We're World Champs. I lived to see it! My dad and my mom lived to see it! Much more later. Time to dance. Thank you Red Sox.

Wednesday, October 27, 2004

Sun, Earth, Moon To Align Tonight

I'm not kidding.

Hopefully, a much more important event will occur at the same time.

Pedro is so awesome. Did you hear his postgame interview? He nonchalantly mentioned how he remembered Sheffield saying something when the yanks were up 3-0, but "we just shut our mouths and played baseball." I just imagined every yankee media-type and every yankee fan who bought all their hype seeing that and thinking, "Wow, Pedro just pitched a masterpiece in the World Series. Our guys were the ones that talked, and choked, and their guys are on the verge of winning it all, behind the guy we said was done, only to hide the fact that we wanted him so much. But he probably won't want to play for losers like us next year. God, I'm full of shit." It really pissed me off, but at the same time,made me laugh the day after the ALCS when Michael Backward Kay was yelling, "I don't ever want to hear Pedro mentioned with the elite ever again!" He was yelling like a teacher angry with his class. He was just so frustrated, it was great. F you, Kay, F you to hell. Choker. I still can't avoid the guy, because every time I turn on ESPN radio, I hear him doing a commercial for US Window Factory, or some car dealer, or something. There's one where he says something like, "With this muffler, you can drive around and keep up with the yanks and theMLB playoffs." Ha! It's great to hear him, recorded before the collapse, with that arrogance in his voice. There's also an ad for the NY Fox station's morning TV show that shows highlights of the yanks, saying, "New York's got two favorite teams, the yanks and Good Day New York" or whatever. You know they made that commercial assuming the yanks would hold on, and now they're stuck showing it.

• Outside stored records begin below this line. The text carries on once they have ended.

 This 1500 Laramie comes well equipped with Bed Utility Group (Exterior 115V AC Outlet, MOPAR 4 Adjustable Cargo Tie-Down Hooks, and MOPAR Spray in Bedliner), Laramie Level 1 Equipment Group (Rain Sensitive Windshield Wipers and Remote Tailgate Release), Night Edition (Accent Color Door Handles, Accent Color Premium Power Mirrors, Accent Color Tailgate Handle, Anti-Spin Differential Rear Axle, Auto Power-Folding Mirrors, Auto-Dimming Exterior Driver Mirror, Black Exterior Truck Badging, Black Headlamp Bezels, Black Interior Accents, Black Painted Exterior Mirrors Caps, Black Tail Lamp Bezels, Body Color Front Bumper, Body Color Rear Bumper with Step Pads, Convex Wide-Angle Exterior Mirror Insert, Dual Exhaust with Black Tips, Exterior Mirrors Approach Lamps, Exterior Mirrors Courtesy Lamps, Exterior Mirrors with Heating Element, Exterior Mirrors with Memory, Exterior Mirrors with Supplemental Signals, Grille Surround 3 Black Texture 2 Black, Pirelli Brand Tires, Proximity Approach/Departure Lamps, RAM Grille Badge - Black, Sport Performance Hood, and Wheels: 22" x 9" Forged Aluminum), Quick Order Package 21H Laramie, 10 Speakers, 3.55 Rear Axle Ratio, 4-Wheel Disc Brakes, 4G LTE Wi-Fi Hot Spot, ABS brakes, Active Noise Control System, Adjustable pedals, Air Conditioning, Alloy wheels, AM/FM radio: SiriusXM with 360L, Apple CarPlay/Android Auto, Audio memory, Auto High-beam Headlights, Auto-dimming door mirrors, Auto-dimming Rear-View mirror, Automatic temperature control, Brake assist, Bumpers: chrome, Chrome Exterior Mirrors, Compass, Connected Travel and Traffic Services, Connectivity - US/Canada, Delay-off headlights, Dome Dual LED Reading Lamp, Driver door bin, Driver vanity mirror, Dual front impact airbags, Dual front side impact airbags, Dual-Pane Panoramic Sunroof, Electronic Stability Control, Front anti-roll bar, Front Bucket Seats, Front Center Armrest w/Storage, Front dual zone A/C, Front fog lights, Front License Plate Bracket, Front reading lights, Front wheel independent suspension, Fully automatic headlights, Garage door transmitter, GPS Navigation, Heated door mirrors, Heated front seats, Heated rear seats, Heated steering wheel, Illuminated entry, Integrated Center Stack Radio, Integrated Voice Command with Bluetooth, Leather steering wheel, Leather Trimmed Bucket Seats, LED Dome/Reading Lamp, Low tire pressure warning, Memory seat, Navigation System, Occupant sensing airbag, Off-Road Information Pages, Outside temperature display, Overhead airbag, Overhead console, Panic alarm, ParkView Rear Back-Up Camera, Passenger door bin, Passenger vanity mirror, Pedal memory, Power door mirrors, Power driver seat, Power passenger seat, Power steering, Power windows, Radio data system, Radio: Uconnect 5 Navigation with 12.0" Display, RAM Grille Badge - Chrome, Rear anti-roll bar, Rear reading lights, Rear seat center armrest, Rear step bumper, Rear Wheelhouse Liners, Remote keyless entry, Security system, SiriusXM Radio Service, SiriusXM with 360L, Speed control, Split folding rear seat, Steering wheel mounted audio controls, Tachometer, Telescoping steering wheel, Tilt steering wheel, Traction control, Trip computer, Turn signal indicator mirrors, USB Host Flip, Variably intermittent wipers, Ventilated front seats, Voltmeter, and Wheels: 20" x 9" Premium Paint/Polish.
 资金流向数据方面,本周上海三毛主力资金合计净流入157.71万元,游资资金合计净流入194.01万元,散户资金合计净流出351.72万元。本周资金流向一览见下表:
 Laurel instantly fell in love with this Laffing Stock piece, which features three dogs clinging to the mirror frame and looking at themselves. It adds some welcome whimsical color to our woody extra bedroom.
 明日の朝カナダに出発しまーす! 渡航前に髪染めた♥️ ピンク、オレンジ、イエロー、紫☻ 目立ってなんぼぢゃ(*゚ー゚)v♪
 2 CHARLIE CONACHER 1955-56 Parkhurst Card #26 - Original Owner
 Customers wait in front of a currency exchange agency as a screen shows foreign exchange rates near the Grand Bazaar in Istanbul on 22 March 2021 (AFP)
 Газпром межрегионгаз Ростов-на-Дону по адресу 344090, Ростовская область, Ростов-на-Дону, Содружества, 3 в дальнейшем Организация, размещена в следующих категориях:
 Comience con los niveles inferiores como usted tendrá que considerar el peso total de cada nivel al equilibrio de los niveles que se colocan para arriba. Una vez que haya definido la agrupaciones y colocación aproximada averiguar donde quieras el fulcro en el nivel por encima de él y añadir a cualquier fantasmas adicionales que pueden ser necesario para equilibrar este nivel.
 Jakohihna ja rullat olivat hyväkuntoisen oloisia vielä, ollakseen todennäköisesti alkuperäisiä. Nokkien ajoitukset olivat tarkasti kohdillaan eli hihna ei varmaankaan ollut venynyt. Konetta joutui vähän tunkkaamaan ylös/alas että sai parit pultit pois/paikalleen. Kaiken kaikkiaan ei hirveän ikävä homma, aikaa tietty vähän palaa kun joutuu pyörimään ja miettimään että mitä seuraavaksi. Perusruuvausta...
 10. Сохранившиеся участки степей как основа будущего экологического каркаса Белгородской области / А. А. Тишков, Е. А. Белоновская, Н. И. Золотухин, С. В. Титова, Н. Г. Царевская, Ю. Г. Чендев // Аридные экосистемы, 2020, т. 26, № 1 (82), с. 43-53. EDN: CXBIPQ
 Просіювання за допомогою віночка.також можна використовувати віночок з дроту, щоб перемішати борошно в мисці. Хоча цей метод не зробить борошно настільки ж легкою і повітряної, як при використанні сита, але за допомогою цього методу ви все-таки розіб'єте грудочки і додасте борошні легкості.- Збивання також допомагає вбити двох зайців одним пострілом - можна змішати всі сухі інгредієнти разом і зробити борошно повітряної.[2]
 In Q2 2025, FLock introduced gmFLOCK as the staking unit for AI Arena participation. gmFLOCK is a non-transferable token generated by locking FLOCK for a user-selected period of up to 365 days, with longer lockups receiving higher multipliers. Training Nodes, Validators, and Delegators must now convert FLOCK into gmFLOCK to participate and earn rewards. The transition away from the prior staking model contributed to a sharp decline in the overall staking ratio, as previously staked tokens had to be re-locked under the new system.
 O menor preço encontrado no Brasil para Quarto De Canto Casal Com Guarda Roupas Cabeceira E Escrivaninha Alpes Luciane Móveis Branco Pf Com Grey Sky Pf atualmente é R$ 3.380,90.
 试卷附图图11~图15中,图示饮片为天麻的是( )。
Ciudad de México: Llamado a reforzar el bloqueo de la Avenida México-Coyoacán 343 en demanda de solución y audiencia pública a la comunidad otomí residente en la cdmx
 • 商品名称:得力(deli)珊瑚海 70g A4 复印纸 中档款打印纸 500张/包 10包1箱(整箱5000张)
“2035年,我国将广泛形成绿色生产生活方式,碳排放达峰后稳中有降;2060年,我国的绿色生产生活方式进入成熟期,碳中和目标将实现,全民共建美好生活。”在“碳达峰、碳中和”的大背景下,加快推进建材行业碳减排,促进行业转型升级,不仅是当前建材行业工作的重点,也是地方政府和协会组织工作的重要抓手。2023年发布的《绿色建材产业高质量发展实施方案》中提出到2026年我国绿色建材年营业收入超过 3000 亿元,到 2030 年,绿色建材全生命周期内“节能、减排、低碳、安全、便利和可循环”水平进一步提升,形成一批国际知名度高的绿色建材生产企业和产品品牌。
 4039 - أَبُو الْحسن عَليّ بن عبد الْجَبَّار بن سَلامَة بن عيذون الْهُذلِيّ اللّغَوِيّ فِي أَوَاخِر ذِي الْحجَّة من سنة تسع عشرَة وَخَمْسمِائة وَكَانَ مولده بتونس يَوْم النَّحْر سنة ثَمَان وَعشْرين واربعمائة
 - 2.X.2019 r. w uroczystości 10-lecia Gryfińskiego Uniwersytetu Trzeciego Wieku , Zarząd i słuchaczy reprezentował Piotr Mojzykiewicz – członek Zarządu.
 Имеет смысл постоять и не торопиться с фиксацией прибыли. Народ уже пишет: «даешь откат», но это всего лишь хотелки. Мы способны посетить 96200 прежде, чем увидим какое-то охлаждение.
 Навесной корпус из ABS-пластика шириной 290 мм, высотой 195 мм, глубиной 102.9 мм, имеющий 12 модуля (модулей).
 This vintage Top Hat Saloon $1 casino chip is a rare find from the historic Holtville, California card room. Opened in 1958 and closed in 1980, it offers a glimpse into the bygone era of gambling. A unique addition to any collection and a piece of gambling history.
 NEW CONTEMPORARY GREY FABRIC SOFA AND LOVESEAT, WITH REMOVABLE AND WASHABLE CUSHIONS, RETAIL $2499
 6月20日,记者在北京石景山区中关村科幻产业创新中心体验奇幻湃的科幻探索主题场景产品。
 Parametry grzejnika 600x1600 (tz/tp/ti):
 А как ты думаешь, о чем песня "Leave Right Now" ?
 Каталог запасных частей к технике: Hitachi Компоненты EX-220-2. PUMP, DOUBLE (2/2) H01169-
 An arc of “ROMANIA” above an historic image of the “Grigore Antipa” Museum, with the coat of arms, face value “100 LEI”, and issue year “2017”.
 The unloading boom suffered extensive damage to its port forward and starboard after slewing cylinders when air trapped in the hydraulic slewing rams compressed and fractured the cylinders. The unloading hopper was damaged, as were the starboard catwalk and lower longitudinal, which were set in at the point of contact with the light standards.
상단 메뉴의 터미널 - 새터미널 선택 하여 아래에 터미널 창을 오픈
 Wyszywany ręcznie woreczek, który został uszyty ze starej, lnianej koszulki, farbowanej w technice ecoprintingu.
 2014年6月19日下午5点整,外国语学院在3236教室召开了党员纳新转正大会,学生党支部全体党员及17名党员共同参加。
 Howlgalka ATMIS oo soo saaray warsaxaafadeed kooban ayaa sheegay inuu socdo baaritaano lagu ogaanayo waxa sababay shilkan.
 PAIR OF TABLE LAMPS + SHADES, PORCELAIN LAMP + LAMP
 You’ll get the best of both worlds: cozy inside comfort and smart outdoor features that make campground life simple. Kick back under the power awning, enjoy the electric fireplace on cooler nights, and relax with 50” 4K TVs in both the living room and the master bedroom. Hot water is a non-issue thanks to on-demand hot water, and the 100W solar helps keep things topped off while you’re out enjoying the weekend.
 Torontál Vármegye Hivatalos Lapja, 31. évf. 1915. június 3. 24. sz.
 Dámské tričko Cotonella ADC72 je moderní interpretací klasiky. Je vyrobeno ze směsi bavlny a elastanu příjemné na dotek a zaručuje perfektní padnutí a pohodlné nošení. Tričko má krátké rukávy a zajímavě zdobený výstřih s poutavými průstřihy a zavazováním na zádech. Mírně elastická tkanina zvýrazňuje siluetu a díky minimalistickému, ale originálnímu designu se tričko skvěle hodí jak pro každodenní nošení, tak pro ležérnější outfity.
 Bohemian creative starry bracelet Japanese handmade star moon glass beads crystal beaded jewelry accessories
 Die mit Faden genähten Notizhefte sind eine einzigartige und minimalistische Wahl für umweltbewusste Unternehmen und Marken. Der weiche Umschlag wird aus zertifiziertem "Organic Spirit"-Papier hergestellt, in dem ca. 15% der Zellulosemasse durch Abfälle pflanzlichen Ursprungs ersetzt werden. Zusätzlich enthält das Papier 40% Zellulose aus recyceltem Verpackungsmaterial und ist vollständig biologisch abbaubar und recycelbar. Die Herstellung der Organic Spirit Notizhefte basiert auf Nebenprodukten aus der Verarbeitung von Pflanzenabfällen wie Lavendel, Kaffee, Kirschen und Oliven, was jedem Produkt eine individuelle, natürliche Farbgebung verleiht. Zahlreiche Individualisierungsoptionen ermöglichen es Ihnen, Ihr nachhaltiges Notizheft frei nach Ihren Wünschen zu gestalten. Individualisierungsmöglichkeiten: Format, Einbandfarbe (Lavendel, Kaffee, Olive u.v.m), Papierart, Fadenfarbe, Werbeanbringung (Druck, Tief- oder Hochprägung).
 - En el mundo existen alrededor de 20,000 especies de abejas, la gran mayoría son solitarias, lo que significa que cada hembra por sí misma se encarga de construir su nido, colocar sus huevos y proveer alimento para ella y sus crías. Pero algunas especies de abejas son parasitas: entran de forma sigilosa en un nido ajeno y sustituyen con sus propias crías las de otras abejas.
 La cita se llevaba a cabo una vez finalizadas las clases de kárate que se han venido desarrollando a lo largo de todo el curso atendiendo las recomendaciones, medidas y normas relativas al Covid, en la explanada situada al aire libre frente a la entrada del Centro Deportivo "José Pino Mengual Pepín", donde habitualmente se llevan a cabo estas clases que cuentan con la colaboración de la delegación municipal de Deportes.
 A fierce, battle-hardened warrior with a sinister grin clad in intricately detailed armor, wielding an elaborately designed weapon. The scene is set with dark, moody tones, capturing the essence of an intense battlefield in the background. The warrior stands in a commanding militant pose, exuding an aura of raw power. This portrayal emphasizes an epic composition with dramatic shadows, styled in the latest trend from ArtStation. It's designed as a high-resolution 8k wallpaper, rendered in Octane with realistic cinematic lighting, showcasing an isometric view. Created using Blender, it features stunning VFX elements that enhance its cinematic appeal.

So where's the drama? Are we in for some major heart-pounding events, or is this it? Did struggling through the never-before-seen amazing comeback allow us to get to witness the unheard-of pressure-free series win?

Tonight's game seemed over as soon as the Cards pulled off the play that it seems only the Red Sox could have ever even thought of. Why didn't Suppan just run? And when Buck said, "He's hung up...", I still thought, in that split second, that you can't be hung up when the ball's so far away from you, and you've had like ten seconds to just pick a damn base and go to it! It was funny how Oquendo just gave up on the play, right about the time Suppan actually tuerned to him for some help. It's also funny hearing McCarver say "Oquendo," because I used to have this baseball video where they did this skit where they made it look like Oquendo was playing every position at once, and some of McCarver's calls were spliced together to match the video. "O-kin-do delivers, ground ball to O-kin-do, throws to O-kin-do for the out."

For Game 4 I'm going to the Riviera in NYC. For my friends who are going with me--the bus leaves at 4:00. Meaning my car.

Tuesday, October 26, 2004

The Sound Of Griswold

It's come to my understanding that one of the great works of art of our time, The Bad News Bears, is going to be remade. Sometimes people just go too far. We must do everything in our power to stop the release of this movie. If it comes out, I will blow up the world.

How are they gonna deal with the issue of Tanner's racism? Or Buttermaker's alcoholism? Or Kelly Leak's underage smoking?

People are really going nuts over this Ortiz at first base thing. I'm thinkin' by the time he hits his third HR off of Suppan, it's really not gonna matter much. And it's not like they're choosing some random guy to play first. He has played there quite a bit. Mad Dog thinks the Cards will definitely win two at home, and it's 50/50 they take all three. Terrible job.

My prediction for tonight? That the arch will be hit by a bolt of lightning. I don't know, I heard thunderstorms were in the forecast, and they have that big arch. Nothing against it, I just want the Fox cameras to catch that thing get supercharged by 1.21 gigawatts. It probably gets hit all the time. It is sixty stories high, if I remember correctly from National Lampoon's Vacation.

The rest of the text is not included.